What 's the prototype used when a function is declared in javaScript

Question

I have a question regarding javaScript functions. Considering the following two function definitions:

    // run time definition 
    var foo_1 = function () {
        console.log("I ma foo 1"); 
    }
    // parse time definition 
    function foo_2 ()  {
        console.log("I ma foo 2"); 
    }

Since in javaScript every thing is an object, are two new objects created with name foo_1 and foo_2 in the previous code? If so, what is their prototype object and when are these objects created?

I am also struggling to understand the real difference between var obj={} and var foo=function(){}, both are objects, but the first has "type" Object, while the second has type function. Is this correct?

According to my book "JavaScript the good part", every new literal object is linked to Object.prototype which by default is an empty object. In order to verify this behavior I tried to run the following script :

Object.prototype
//Object {}
Object.prototype = { name: "This is an experiment"}; 
//Object {name: "This is an experiment"}
function test() { conosle.log("Test"); }
test.prototype;
//Object {}

Why the result of test.prototype is an empty object?

Finally, I was wondering if the these function definitions are equivalent to the following code:

   this.foo =  function() {
         console.log("I ma foo");
    }

If so, what's this?

Answer 1

I think you have some confusion about functions and object's prototype, I hope I will be able to clarify a bit.

First of all:

function foo_2 ()  {
    console.log("I ma foo 2"); 
}

This is called "function declaration", where:

var foo_1 = function () {
    console.log("I ma foo 1"); 
}

Is called "function expression". You can have detailed information here: https://developer.mozilla.org/en/docs/Web/JavaScript/Reference/Functions_and_function_scope#Function_constructor_vs._function_declaration_vs._function_expression, with also the Function constructor example.

Since in javaScript every thing is an object, are two new objects created with name foo_1 and foo_2 in the previous code?

Yes, they're objects, and if you modify the prototype chains you will affect them:

Object.prototype.testName = "this is an experiment";

function test() {}

console.log(test.testName) // "this is an experiment"

But test.prototype is an object too, so if you do:

console.log(test.prototype.testName) // "this is an experiment"

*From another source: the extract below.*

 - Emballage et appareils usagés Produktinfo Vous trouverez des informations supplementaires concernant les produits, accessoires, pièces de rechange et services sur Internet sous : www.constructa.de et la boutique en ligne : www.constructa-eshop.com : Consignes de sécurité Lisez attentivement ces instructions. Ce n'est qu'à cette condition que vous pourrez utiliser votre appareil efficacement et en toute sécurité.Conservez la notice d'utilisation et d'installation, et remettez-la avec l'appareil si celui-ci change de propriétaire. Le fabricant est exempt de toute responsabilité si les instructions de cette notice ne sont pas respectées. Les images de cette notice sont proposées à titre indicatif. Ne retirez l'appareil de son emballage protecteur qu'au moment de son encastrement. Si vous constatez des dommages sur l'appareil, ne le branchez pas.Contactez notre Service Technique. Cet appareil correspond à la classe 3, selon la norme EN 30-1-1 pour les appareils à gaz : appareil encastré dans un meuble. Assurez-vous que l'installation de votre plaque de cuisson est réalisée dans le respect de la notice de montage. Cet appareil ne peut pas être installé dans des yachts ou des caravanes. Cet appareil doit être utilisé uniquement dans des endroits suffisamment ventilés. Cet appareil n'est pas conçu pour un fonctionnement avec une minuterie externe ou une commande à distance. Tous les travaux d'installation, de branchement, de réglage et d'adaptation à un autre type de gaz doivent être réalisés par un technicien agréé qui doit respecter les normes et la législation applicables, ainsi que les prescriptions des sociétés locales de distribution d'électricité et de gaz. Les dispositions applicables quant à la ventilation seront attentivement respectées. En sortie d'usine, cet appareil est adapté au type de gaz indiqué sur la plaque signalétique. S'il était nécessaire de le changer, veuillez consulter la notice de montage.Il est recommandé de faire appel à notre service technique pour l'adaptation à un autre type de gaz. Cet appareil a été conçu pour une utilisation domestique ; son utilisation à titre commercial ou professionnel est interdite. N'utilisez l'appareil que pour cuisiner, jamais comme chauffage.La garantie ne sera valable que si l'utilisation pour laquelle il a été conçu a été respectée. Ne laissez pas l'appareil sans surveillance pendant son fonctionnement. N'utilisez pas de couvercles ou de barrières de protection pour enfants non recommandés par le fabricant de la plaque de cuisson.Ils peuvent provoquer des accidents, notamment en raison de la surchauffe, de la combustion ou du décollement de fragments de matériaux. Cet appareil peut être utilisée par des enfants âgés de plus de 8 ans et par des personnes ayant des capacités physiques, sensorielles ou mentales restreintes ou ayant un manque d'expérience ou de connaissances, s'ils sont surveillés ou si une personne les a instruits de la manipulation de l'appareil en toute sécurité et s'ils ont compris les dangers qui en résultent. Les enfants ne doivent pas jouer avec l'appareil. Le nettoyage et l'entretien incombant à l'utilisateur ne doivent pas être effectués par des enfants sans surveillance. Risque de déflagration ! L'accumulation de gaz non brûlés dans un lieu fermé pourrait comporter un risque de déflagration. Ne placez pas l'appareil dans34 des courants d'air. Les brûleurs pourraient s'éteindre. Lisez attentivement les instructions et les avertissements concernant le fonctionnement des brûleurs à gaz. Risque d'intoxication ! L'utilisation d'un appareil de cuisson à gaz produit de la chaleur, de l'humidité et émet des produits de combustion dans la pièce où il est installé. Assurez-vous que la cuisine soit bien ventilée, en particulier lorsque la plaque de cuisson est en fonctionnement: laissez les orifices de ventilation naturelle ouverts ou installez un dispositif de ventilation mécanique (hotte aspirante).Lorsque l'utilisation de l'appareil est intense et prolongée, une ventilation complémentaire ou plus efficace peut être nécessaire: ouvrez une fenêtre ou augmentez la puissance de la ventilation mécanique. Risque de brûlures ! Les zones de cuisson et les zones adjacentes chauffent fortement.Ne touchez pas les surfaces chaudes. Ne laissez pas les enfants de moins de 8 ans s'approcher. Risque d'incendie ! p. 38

The reason because you do not get the property correctly it's probably because is inherited, and the console you're using (node, browser) displays only the own properties of an object (like Object.keys), without crawl the whole prototype's chain.

That is the main reason because you shouldn't change the Object.prototype: you will affect mostly everything and you can't predict the consequences.

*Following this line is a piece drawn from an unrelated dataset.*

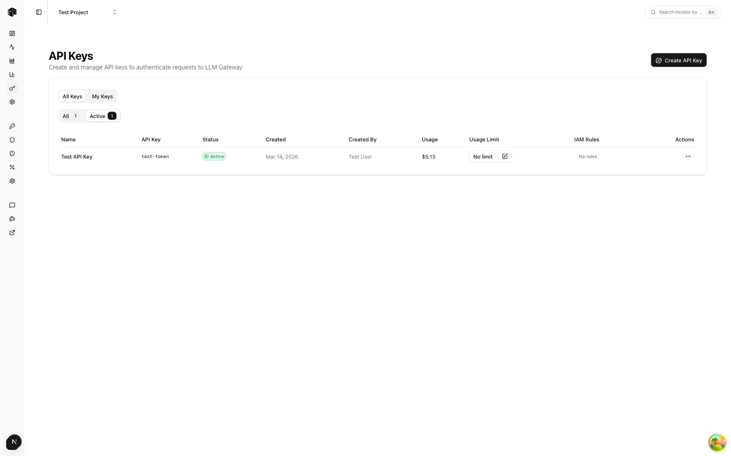 Create, limit, and control API keys for authenticating with LLM Gateway

I said "mostly" because you can create objects that actually doesn't inherit from Object's prototype. You can do it using Object.create – or the non-standard where supported _proto_:

var foo = {};
console.log(foo.testName) // "this is an experiment"

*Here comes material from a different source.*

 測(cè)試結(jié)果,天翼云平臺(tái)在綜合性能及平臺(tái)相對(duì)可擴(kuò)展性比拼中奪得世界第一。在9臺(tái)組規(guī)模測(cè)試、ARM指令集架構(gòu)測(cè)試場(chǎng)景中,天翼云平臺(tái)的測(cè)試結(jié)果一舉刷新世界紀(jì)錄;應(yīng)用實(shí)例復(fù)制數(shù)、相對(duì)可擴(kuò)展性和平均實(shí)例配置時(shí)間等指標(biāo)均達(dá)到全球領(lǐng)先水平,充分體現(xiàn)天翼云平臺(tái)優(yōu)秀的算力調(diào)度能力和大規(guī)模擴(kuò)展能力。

var bar = Object.create(null);
console.log(bar.testName) // undefined

Finally, I was wondering if the these function definitions are equivalent to the following code:

this.foo =  function() {
  console.log("I ma foo");
 }

It depends by what is this when you execute this code. They're mostly equivalent if you execute the code in the global scope, so this would be the global object (in browsers is window). However, there is a difference. Using this syntax, you would be able to delete the foo property, where you can't do that when is declared. So:

this.foo = function() {};
var bar = function() {};

delete foo // can be deleted;
delete bar // shouldn't be deleted;

See: https://developer.mozilla.org/en-US/docs/Web/JavaScript/Reference/Operators/delete

Answer 2

Yes var fn = function(){}; is of type Funcion

Why is test.porototype empty: Beacuse it's Function.prototype, not Object.prototype

What is this: answered in the link posted in the end

You can use a function as a constructor to create objects:

var Person = function(name){
  this.name = name;
};
Person.prototype.walk=function(){
  this.step().step().step();
};

In the example the Person is called a constructor function as it's an object you can give it properties as well like: Person.static="somthing" this is good for static members related to Person like:

 Person.HOMETOWN=22;
 var ben = new Person("Ben");
 ben.set(Person.HOMETOWN,"NY");
 ben.get(Person.HOMETOWN);//generic get function what do you thing it'll get for ben?
 ben.get(22);//maybe gets the same thing but difficult to guess

When you crate an instance using Person you have to use the new keyword:

var bob = new Person("Bob");console.log(bob.name);//=Bob
var ben = new Person("Ben");console.log(bob.name);//=Ben

The property/member name is instance specific, it's different for bob and ben

The member walk can be used on all instances (bob and ben are instances of Person)

bob.walk();ben.walk();

Because walk() could not be found on bob (and later ben) JavaScript will look for it in the Person.prototype. There is only one walk function both bob and ben share this but the function will behave differently because in the walk function it uses this.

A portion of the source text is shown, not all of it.